While various surgical procedures for the treatment of RVF and VVF have been advocated, it is still not clear what the most appropriate method of repair is [1, 9, 10]. To the best of our knowledge, there are no reports in which RVF and VVF after LAR were simultaneously treated. This case also demonstrates that the RVF and VVF can be simultaneously treated with surgery. We repaired the VVF and RVF based on the same basic principles: excision of the fistula, closure of the excised space, and tissue coverage. In this case, a diverted stoma decreased local inflammation and improved the healing of perianal lesions. In addition, the RVF was small in size and was observed through the perineum. Thus, we repaired the RVF by using the transperineal approach. A similar method was used in a previous report [11]. The VVF was located near the trigone so that sagittal cystotomy could help identify the VVF and the trigone of the bladder and avoid urinary tract injury. Sagittal cystotomy with a bivalve technique was also beneficial to VVF excision [12, 13]. Moreover, we thought that using an omental graft for tissue interposition contributed to the successful repair in the present case. Tissue interposition improved the success rate of VVF and RVF in other reports [14, 15]. Similar to our report, another previous study reported that omentum interposition with a transabdominal approach was beneficial [13].

Conclusion

RVF and VVF are infrequent but serious postoperative complications, because they worsen patients’ ability to perform activities of daily living.
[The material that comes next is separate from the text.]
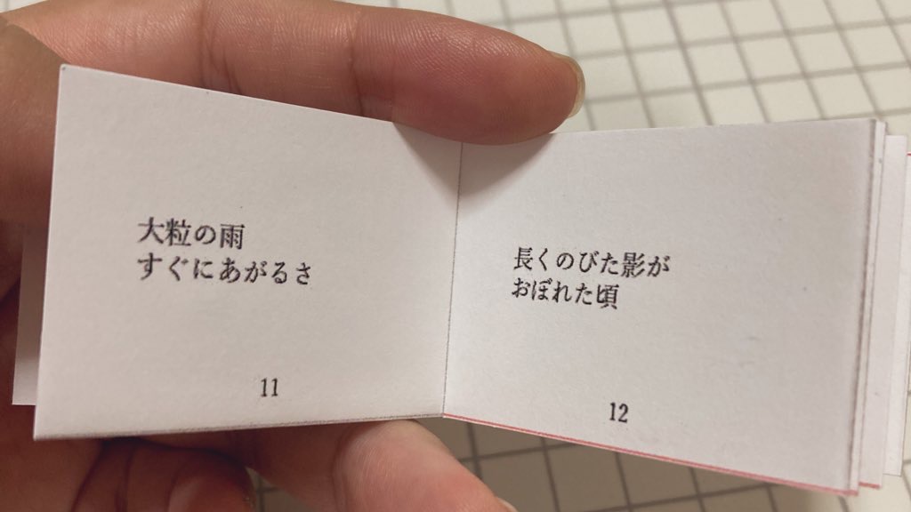 9月からのWEBイベントでは折本のデータを頒布できればいいな~と思っているのですが、ようやくサンプルを作れました。以前ただのレポート用紙で作ったときは散々だったので、今回はちゃんとデータも作って、厚さ0.12のマット紙に印刷してみたら、しっかりしてていい感じだったので一安心。気になるところは糊づけすれば気にならないし、サイズ感は元々気に入っていてかわいいし、万々歳です。あとは中身…。今回の中身はざつ日記 で見られます。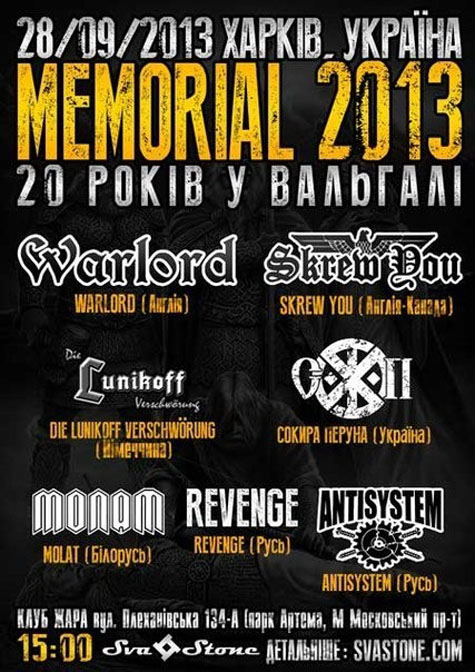 Концерт правой музыки «Memorial 2013» проходил в харьковском клубе «Жара», который по некоторым свидетельствам принадлежит структурам Геннадия Кернеса – нынешнего мэра Харькова. Если верить знающим харьковчанам, ранее парк Артема вместе со всеми развлекательными заведениями, включая клуб "Жара", контролировался известным регионалом Василием Салыгиным, но затем перешел под контроль группы Кернеса. Учитывая национальные корни последнего – мероприятие выглядело особенно пикантно, впрочем гостей из России едва ли интересовала национальность владельца клуба. На концерте выступали группы из Англии, Германии, Белоруссии, России и Украины, многие из которых имеют статус легенд правой сцены.

In LAR with hysterectomy and resection of the vaginal wall, the risk of RVF and VVF increases. The excision and closure of the fistula tract and omental flap can be effective to treat both complications.

Statement of Ethics

Written informed consent was obtained from the patient for publication of this case report and any accompanying images.

Disclosure Statements

All authors have no conflicts of interest to disclose.